EXERCISE DATA:
-- Opening Marker --

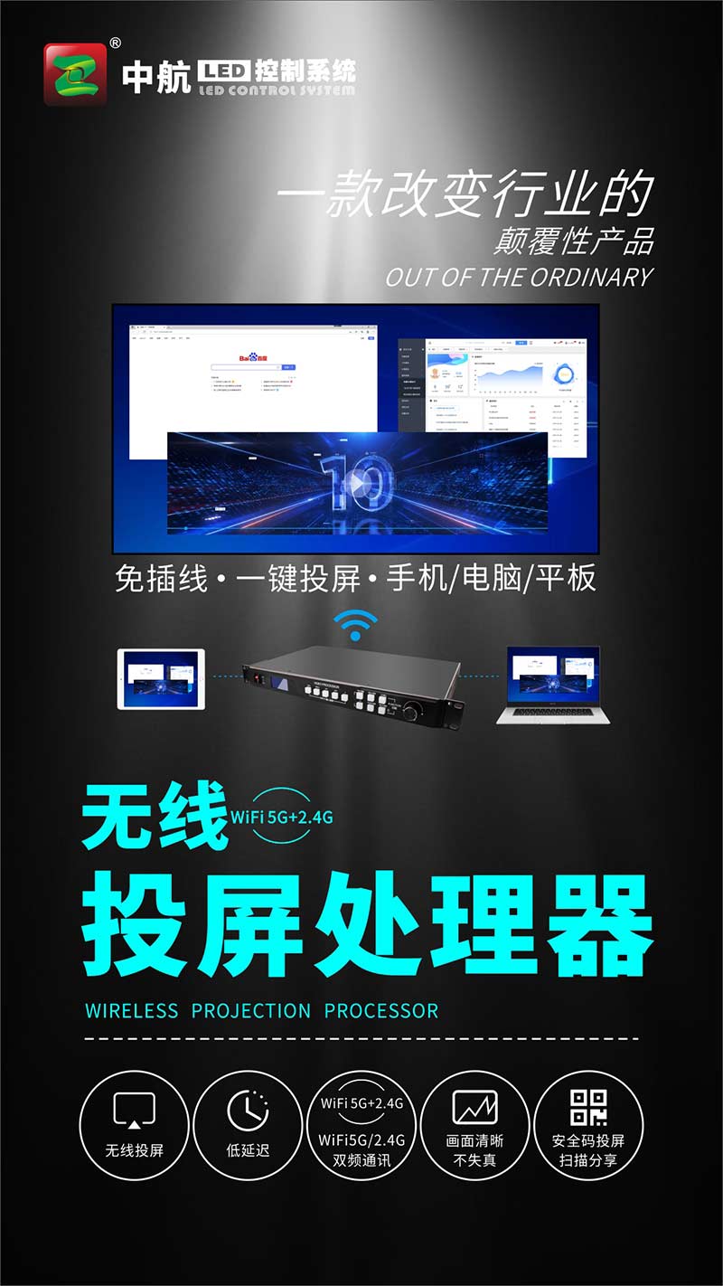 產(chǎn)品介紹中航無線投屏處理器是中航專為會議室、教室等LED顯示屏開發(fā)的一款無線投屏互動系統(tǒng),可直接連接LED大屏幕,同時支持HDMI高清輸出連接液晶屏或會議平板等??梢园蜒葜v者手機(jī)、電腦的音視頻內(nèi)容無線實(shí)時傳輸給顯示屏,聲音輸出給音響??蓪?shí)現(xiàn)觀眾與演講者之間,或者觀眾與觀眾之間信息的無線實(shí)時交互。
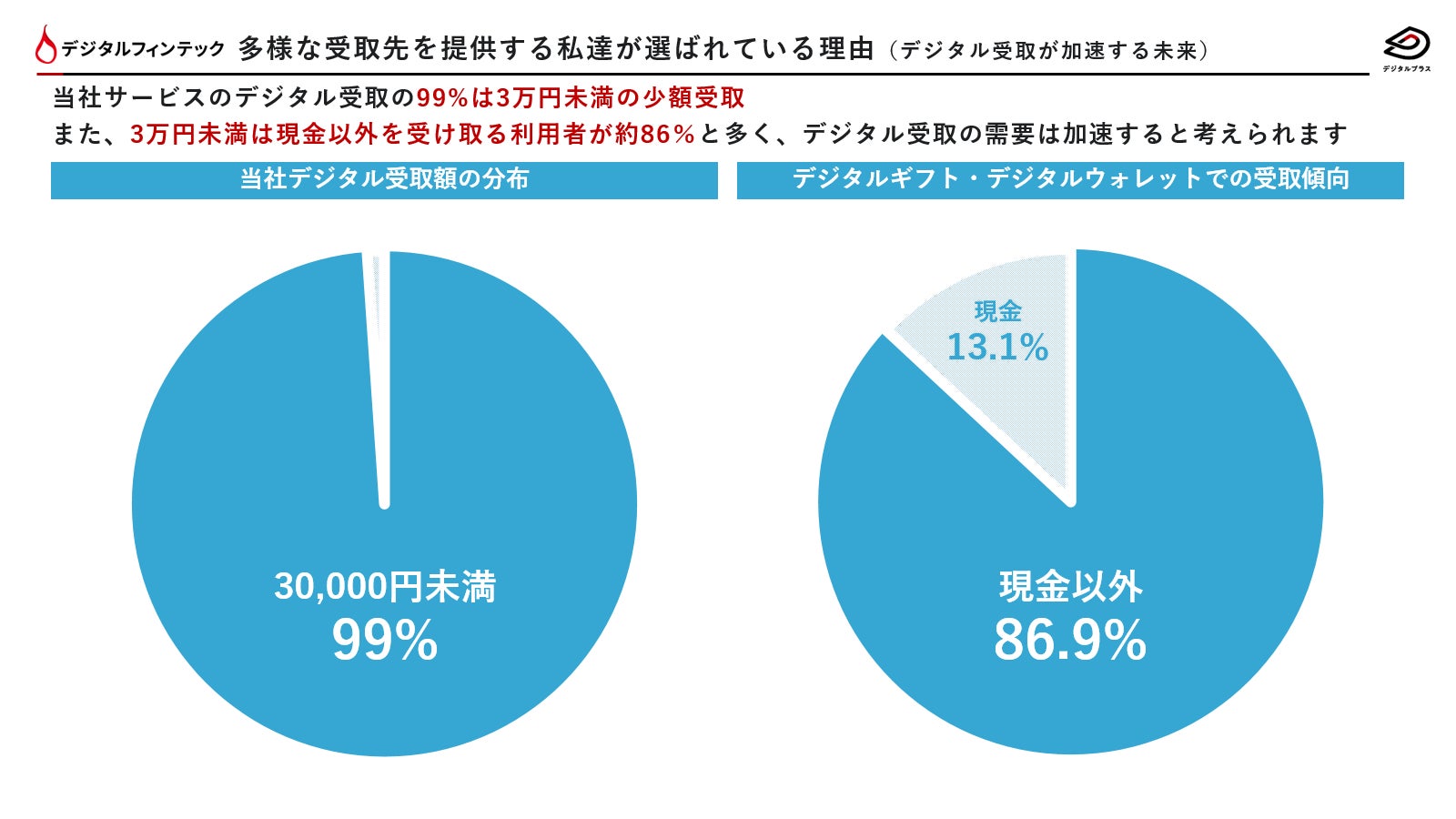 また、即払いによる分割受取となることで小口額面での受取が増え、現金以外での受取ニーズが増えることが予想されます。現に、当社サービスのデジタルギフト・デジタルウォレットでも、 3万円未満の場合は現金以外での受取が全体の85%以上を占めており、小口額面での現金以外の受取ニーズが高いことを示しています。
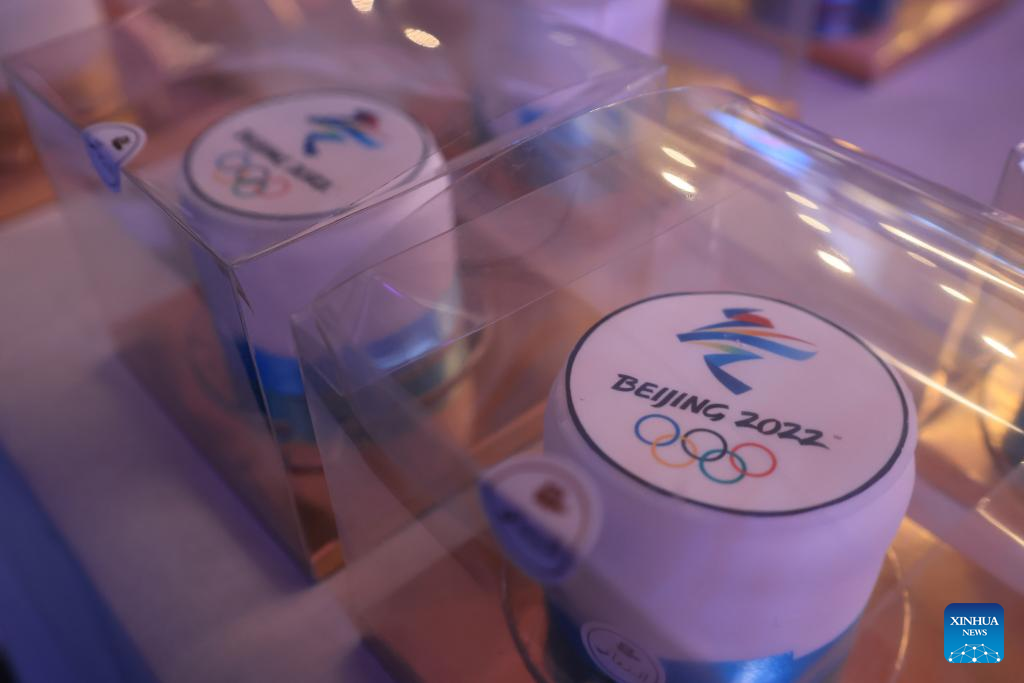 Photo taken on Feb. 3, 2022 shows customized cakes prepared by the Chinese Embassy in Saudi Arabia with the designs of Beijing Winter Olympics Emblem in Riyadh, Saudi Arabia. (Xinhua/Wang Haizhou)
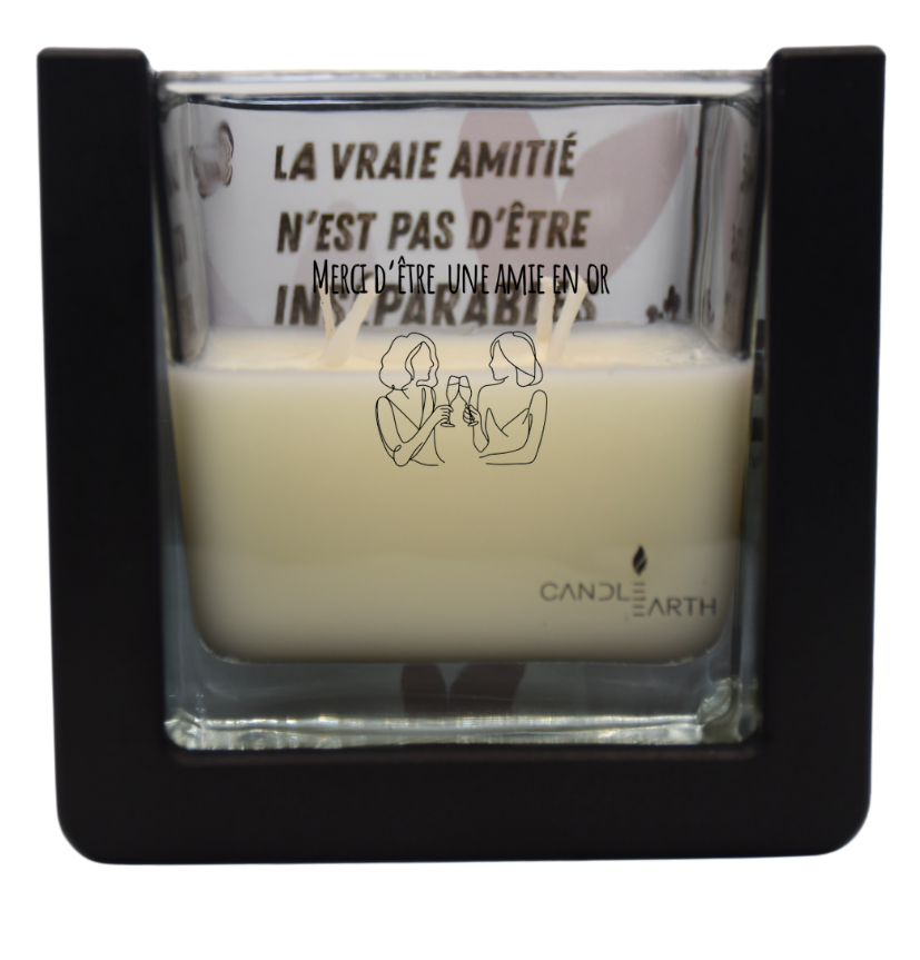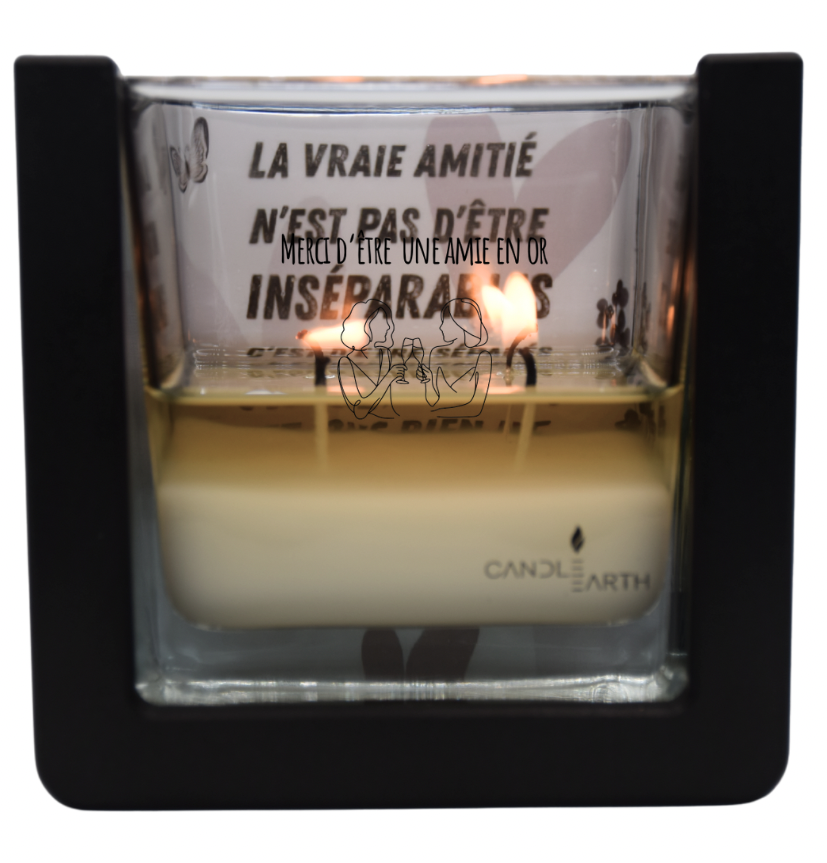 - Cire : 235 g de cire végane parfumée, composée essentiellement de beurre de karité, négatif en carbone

-- Closing Marker --

WHAT YOU WILL DO:
Return to the listing above and set it down exactly, leaving out its pictures.

EXERCISE ANSWER:
 產(chǎn)品介紹中航無線投屏處理器是中航專為會議室、教室等LED顯示屏開發(fā)的一款無線投屏互動系統(tǒng),可直接連接LED大屏幕,同時支持HDMI高清輸出連接液晶屏或會議平板等??梢园蜒葜v者手機(jī)、電腦的音視頻內(nèi)容無線實(shí)時傳輸給顯示屏,聲音輸出給音響??蓪?shí)現(xiàn)觀眾與演講者之間,或者觀眾與觀眾之間信息的無線實(shí)時交互。
 また、即払いによる分割受取となることで小口額面での受取が増え、現金以外での受取ニーズが増えることが予想されます。現に、当社サービスのデジタルギフト・デジタルウォレットでも、 3万円未満の場合は現金以外での受取が全体の85%以上を占めており、小口額面での現金以外の受取ニーズが高いことを示しています。
 Photo taken on Feb. 3, 2022 shows customized cakes prepared by the Chinese Embassy in Saudi Arabia with the designs of Beijing Winter Olympics Emblem in Riyadh, Saudi Arabia. (Xinhua/Wang Haizhou)
 - Cire : 235 g de cire végane parfumée, composée essentiellement de beurre de karité, négatif en carbone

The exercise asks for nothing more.